In the material below, find every line containing "with" and copy that line.

___ PROVIDED RECORDS ___

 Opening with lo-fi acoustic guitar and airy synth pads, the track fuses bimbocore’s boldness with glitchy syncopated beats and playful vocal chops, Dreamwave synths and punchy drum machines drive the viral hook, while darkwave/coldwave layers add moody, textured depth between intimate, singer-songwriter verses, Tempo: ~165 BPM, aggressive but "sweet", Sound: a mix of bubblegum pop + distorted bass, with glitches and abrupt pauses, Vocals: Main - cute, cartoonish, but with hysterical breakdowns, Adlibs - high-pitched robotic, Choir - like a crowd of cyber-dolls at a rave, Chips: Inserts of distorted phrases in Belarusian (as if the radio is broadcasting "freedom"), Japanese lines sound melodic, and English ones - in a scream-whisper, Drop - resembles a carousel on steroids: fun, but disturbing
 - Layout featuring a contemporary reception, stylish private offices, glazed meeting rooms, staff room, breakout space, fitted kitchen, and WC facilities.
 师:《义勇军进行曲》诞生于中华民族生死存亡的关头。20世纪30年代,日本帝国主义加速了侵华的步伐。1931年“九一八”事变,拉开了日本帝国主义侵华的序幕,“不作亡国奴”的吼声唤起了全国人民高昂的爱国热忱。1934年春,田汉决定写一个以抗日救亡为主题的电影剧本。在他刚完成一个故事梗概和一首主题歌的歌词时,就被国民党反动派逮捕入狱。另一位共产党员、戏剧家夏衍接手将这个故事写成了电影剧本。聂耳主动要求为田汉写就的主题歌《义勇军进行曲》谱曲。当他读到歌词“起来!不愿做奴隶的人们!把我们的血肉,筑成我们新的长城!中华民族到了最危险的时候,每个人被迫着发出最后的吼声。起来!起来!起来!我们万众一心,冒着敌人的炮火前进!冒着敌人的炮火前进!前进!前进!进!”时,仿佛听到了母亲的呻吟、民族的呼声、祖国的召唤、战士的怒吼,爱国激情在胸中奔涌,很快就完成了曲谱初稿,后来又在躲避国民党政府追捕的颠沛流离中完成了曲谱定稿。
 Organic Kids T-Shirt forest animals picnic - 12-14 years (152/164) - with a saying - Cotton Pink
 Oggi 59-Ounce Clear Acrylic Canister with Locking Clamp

___
___ PROVIDED RECORDS ___

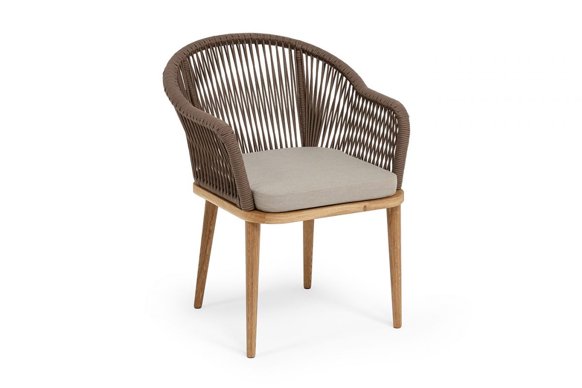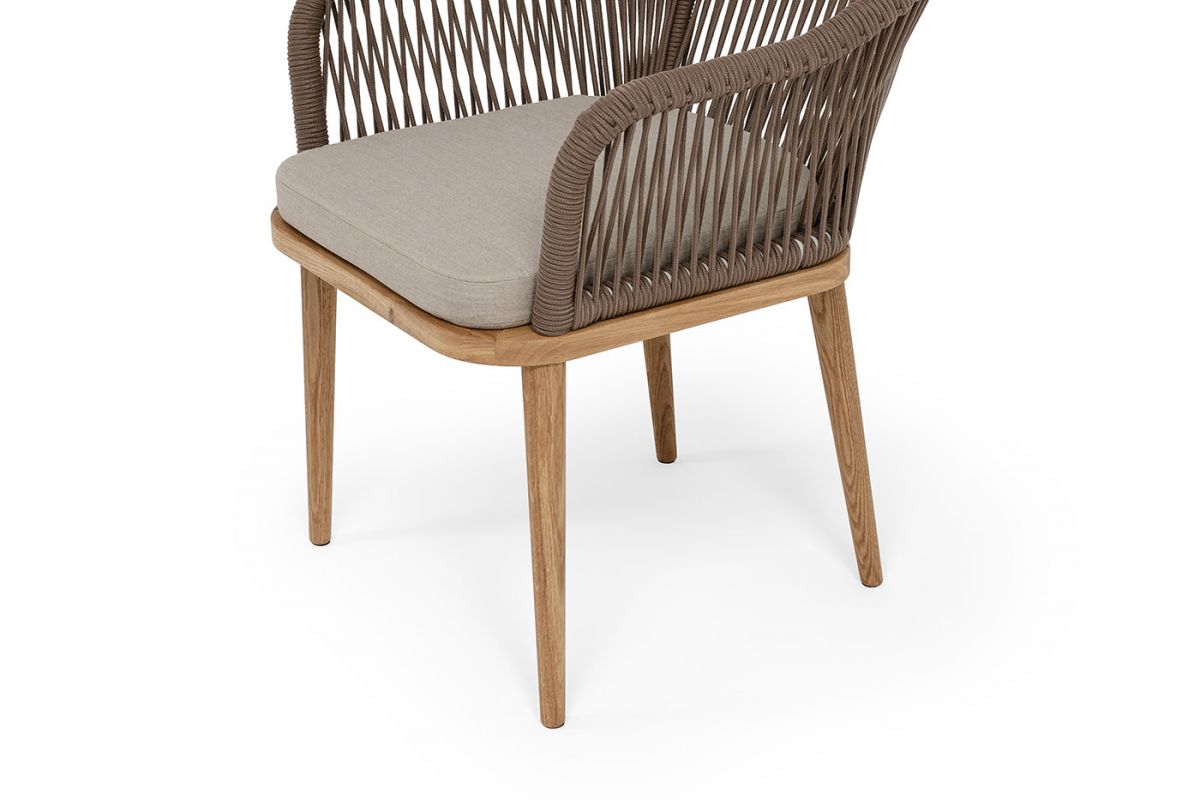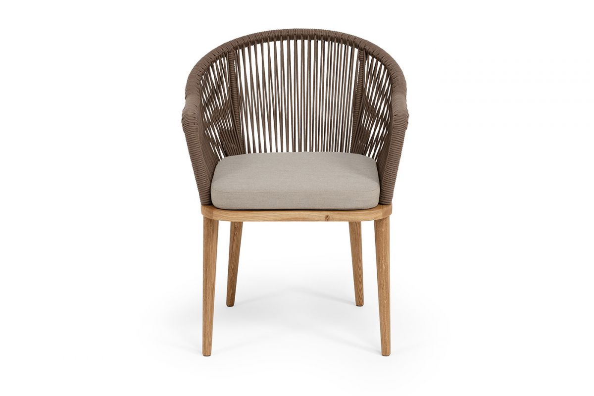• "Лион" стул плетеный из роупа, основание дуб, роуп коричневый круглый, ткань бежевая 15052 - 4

___

▶ [SOLVED EXERCISE]:
 Opening with lo-fi acoustic guitar and airy synth pads, the track fuses bimbocore’s boldness with glitchy syncopated beats and playful vocal chops, Dreamwave synths and punchy drum machines drive the viral hook, while darkwave/coldwave layers add moody, textured depth between intimate, singer-songwriter verses, Tempo: ~165 BPM, aggressive but "sweet", Sound: a mix of bubblegum pop + distorted bass, with glitches and abrupt pauses, Vocals: Main - cute, cartoonish, but with hysterical breakdowns, Adlibs - high-pitched robotic, Choir - like a crowd of cyber-dolls at a rave, Chips: Inserts of distorted phrases in Belarusian (as if the radio is broadcasting "freedom"), Japanese lines sound melodic, and English ones - in a scream-whisper, Drop - resembles a carousel on steroids: fun, but disturbing
 Organic Kids T-Shirt forest animals picnic - 12-14 years (152/164) - with a saying - Cotton Pink
 Oggi 59-Ounce Clear Acrylic Canister with Locking Clamp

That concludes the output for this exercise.